━━ Material supplied ━━
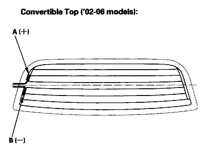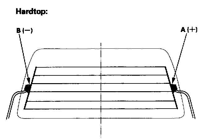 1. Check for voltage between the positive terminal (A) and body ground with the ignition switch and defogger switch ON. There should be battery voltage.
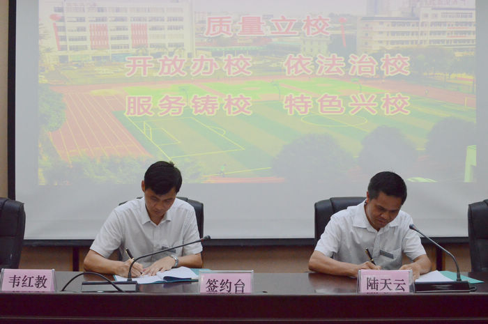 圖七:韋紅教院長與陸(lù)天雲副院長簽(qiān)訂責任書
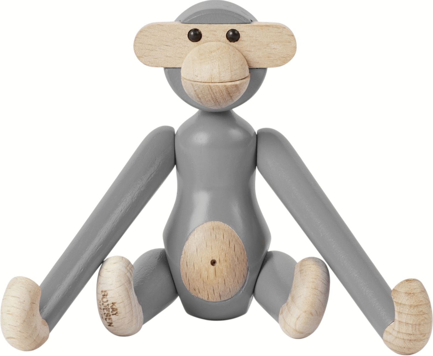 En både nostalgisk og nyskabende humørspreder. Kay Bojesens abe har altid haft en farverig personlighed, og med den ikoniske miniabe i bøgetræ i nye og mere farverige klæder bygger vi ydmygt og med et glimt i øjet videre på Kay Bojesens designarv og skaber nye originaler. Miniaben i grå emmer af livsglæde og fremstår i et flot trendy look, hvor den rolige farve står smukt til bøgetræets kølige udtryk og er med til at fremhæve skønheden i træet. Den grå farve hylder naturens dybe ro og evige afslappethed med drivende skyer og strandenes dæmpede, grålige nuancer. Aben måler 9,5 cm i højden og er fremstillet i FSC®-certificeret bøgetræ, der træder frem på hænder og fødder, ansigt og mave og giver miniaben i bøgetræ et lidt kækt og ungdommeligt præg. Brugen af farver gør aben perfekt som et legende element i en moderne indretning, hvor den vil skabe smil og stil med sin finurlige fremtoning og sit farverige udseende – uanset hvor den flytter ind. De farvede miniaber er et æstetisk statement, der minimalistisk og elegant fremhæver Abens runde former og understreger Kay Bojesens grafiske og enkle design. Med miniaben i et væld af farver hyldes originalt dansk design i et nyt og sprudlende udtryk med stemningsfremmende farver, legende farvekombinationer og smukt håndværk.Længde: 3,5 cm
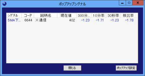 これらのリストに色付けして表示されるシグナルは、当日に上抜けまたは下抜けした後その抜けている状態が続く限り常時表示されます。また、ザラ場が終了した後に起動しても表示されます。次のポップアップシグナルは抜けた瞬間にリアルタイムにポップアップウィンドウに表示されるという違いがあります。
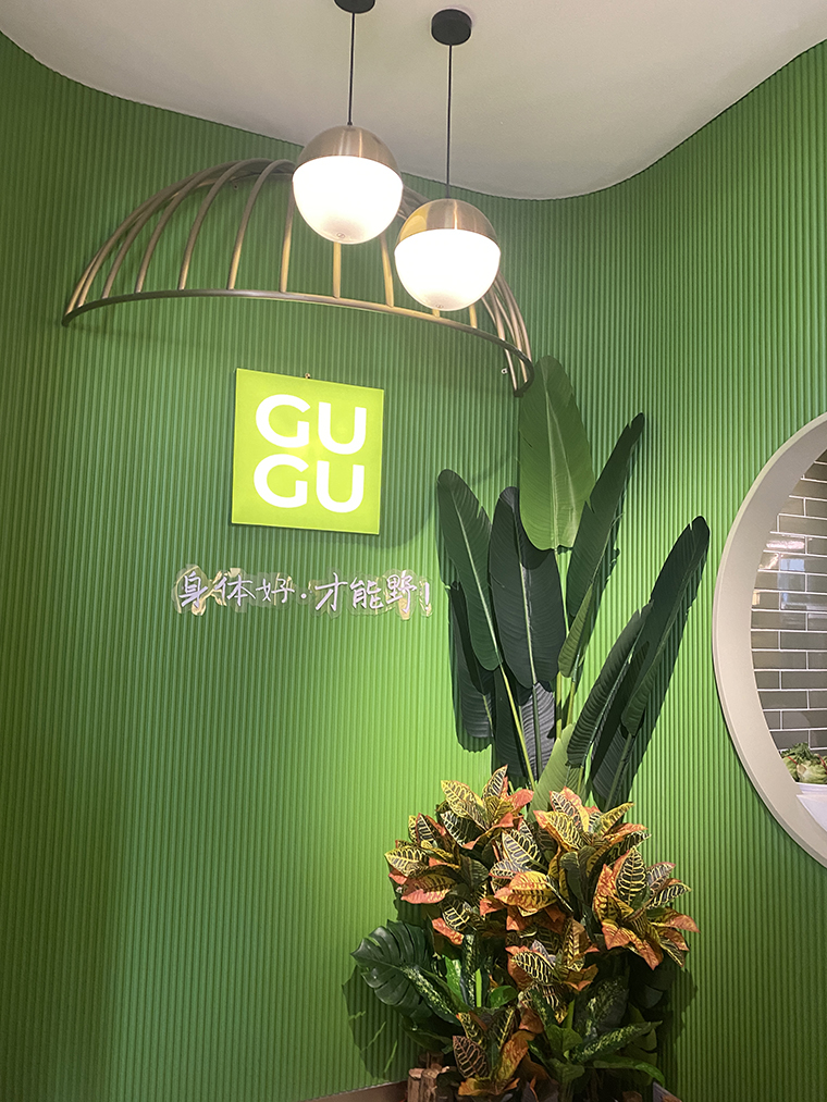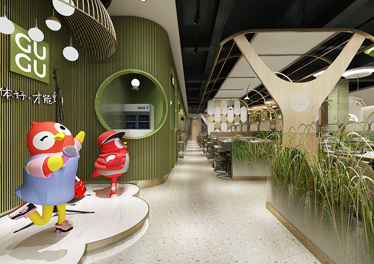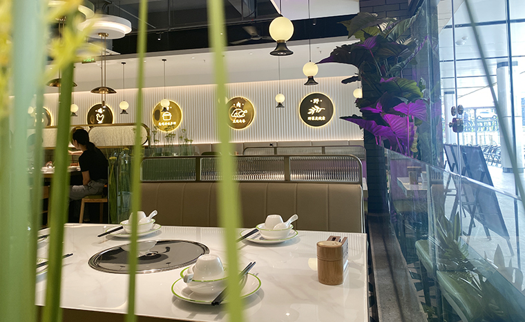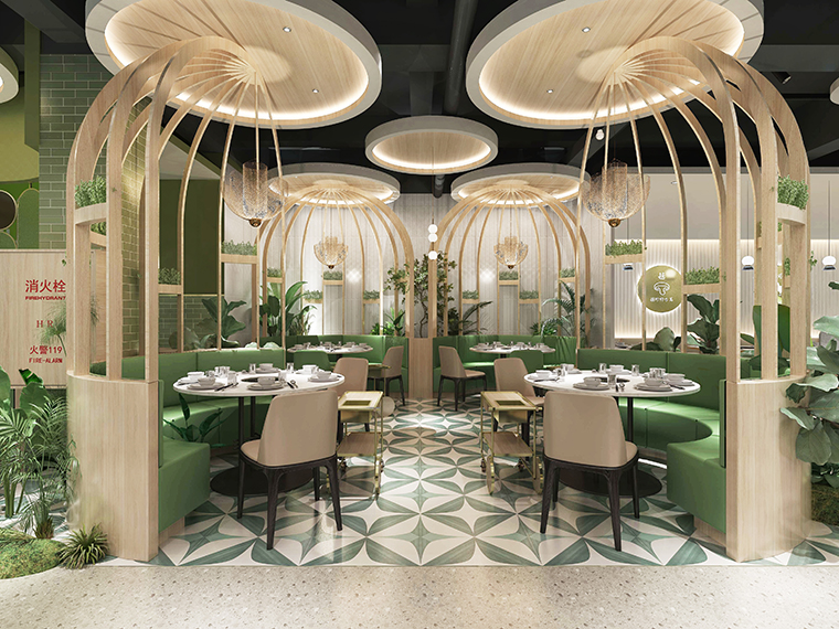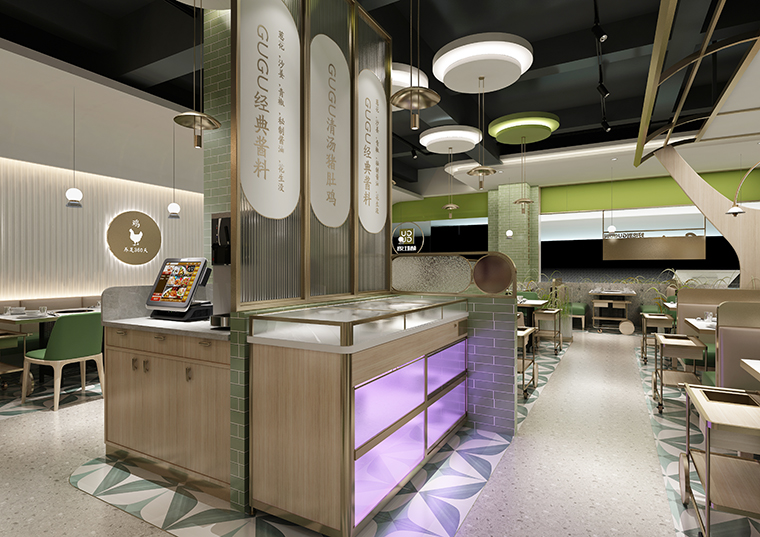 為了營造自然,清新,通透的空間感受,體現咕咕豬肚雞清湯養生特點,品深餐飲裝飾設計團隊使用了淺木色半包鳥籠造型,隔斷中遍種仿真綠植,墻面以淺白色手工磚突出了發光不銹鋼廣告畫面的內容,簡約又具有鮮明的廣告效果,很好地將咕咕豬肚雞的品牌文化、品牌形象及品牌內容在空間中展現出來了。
━━━
━━ Material supplied ━━
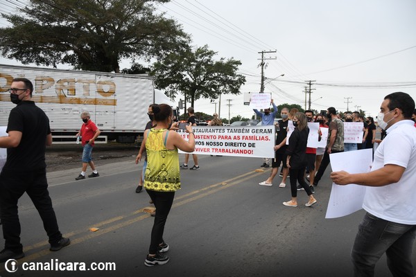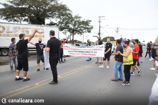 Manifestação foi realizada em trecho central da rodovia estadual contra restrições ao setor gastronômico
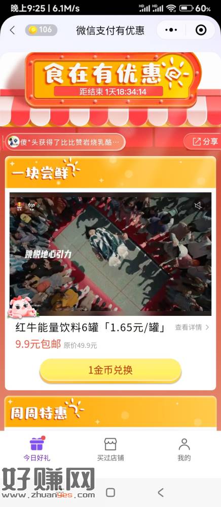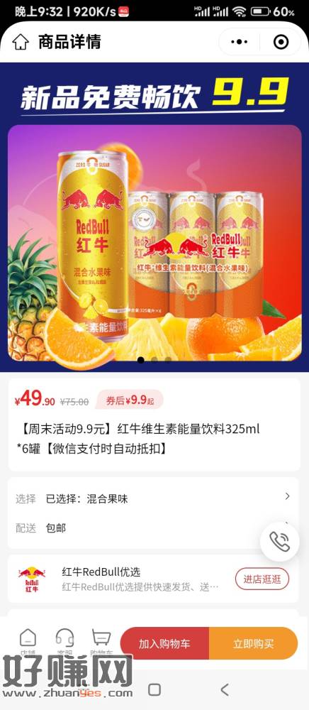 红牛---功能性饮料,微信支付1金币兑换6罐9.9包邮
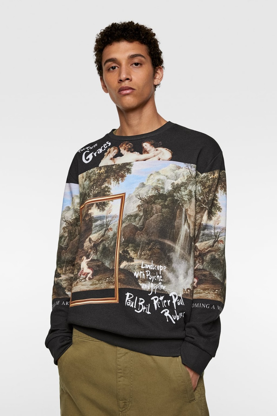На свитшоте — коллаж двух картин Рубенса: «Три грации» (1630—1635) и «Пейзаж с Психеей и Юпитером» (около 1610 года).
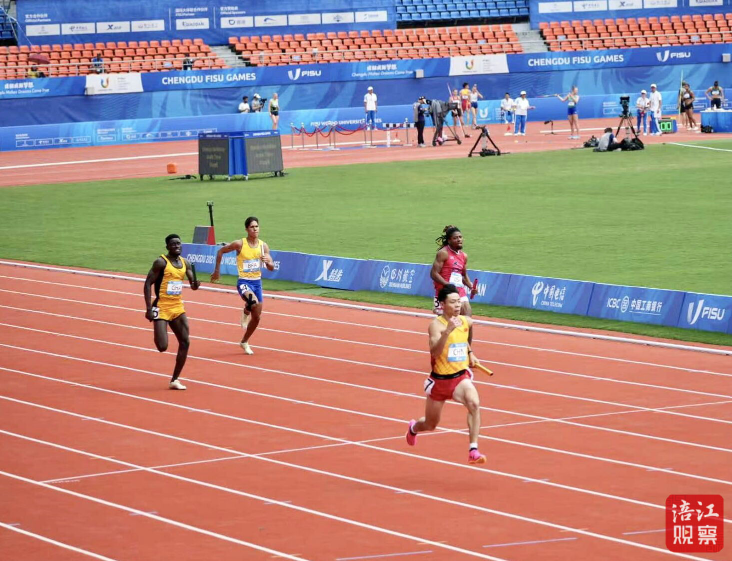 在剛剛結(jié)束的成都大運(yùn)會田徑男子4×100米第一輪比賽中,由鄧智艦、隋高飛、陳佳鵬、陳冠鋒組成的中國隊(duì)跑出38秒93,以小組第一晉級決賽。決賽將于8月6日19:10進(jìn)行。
━━━
━━ Material supplied ━━
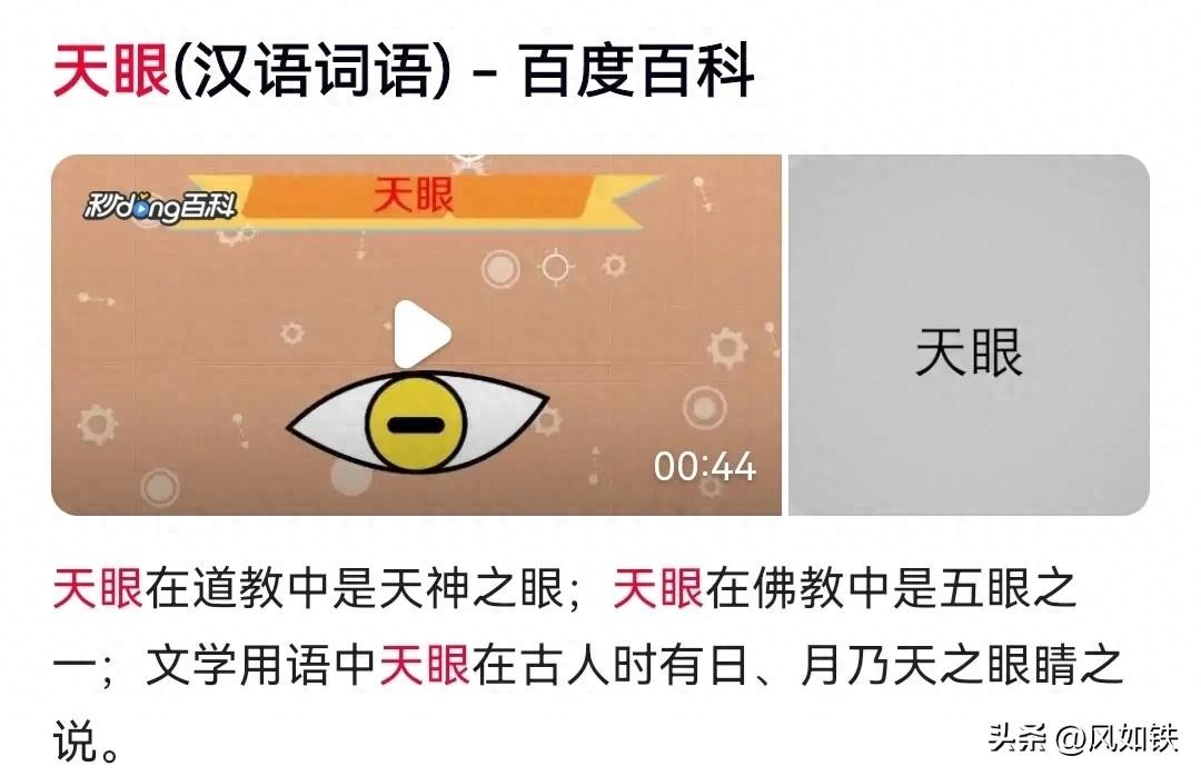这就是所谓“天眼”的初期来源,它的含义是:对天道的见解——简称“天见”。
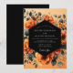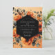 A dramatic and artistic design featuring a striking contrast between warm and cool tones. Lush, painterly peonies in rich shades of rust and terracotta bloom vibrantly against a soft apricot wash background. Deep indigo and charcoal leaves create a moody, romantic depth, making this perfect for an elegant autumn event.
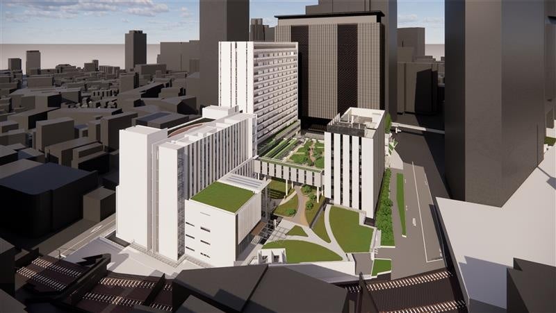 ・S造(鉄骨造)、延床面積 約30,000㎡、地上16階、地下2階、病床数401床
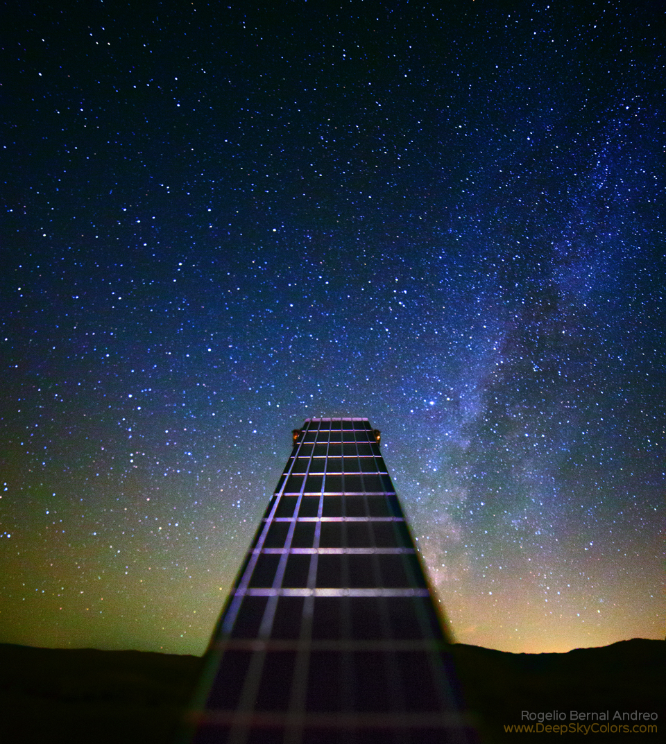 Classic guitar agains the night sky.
━━━
What the exercise asks: Starting at the line that contains "1. Check for" and ending at the line that contains "圖七:韋紅教院長與陸(lù)天雲副院長簽(qiān)訂責任書", transcribe the material above exactly, excluding pictures.

Worked solution:
 1. Check for voltage between the positive terminal (A) and body ground with the ignition switch and defogger switch ON. There should be battery voltage.
 圖七:韋紅教院長與陸(lù)天雲副院長簽(qiān)訂責任書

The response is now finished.